Source material
>>
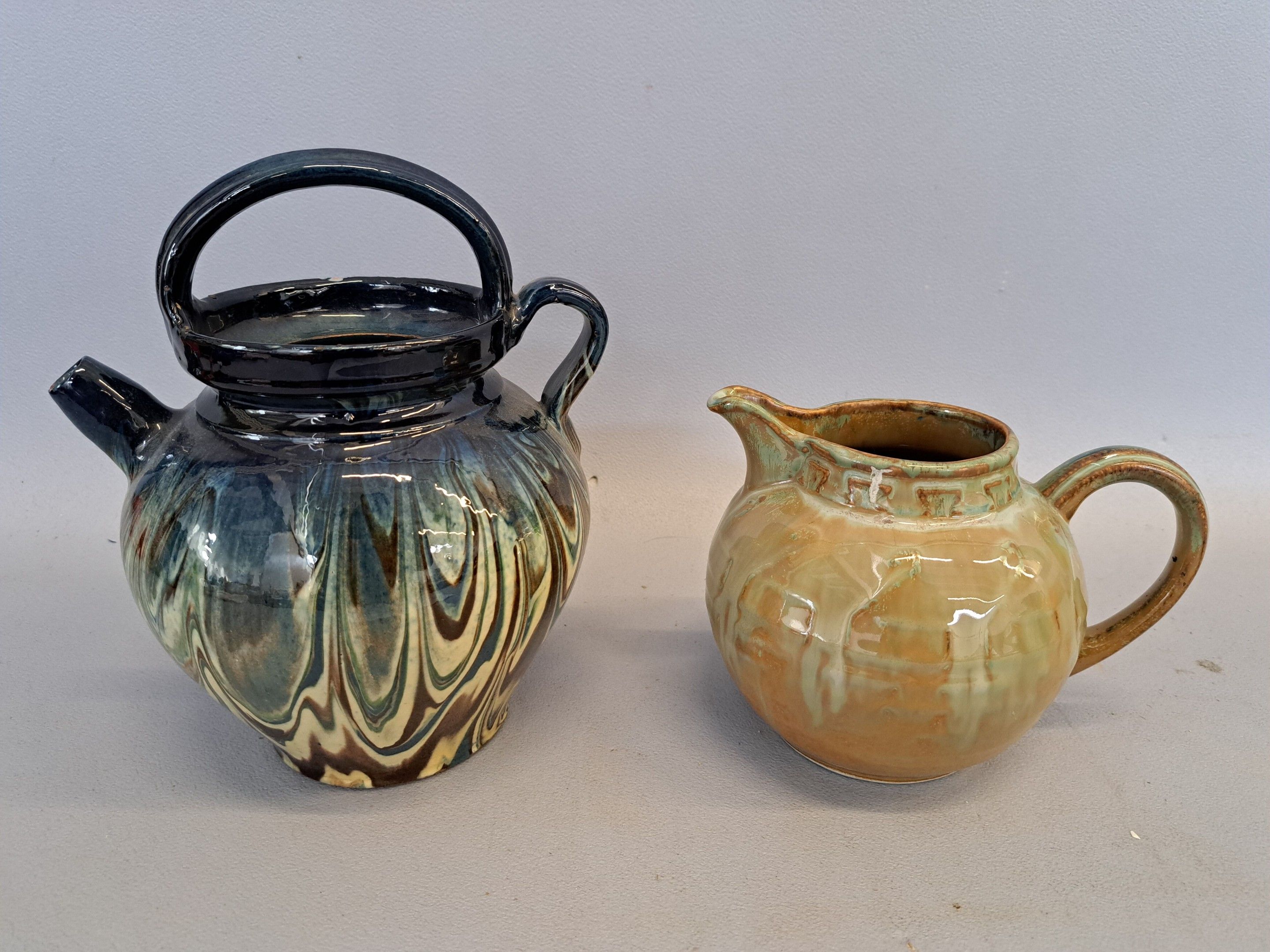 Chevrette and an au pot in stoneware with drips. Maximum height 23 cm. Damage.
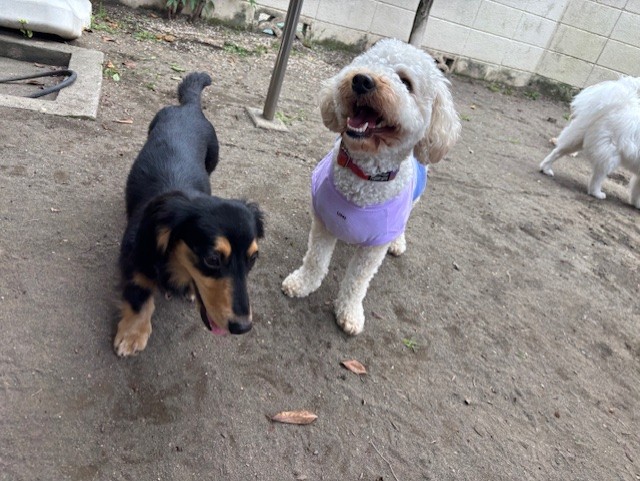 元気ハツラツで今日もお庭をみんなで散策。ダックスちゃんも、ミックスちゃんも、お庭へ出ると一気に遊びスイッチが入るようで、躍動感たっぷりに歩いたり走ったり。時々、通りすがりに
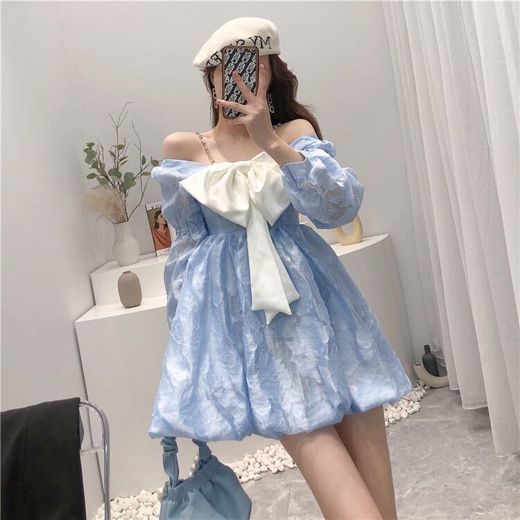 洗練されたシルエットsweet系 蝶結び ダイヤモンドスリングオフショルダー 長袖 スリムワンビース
<<
Only the lines from the one that holds "元気ハツラツで今日もお庭をみ" through the final line of the material should be reproduced, word for word, with the pictures omitted.

 元気ハツラツで今日もお庭をみんなで散策。ダックスちゃんも、ミックスちゃんも、お庭へ出ると一気に遊びスイッチが入るようで、躍動感たっぷりに歩いたり走ったり。時々、通りすがりに
 洗練されたシルエットsweet系 蝶結び ダイヤモンドスリングオフショルダー 長袖 スリムワンビース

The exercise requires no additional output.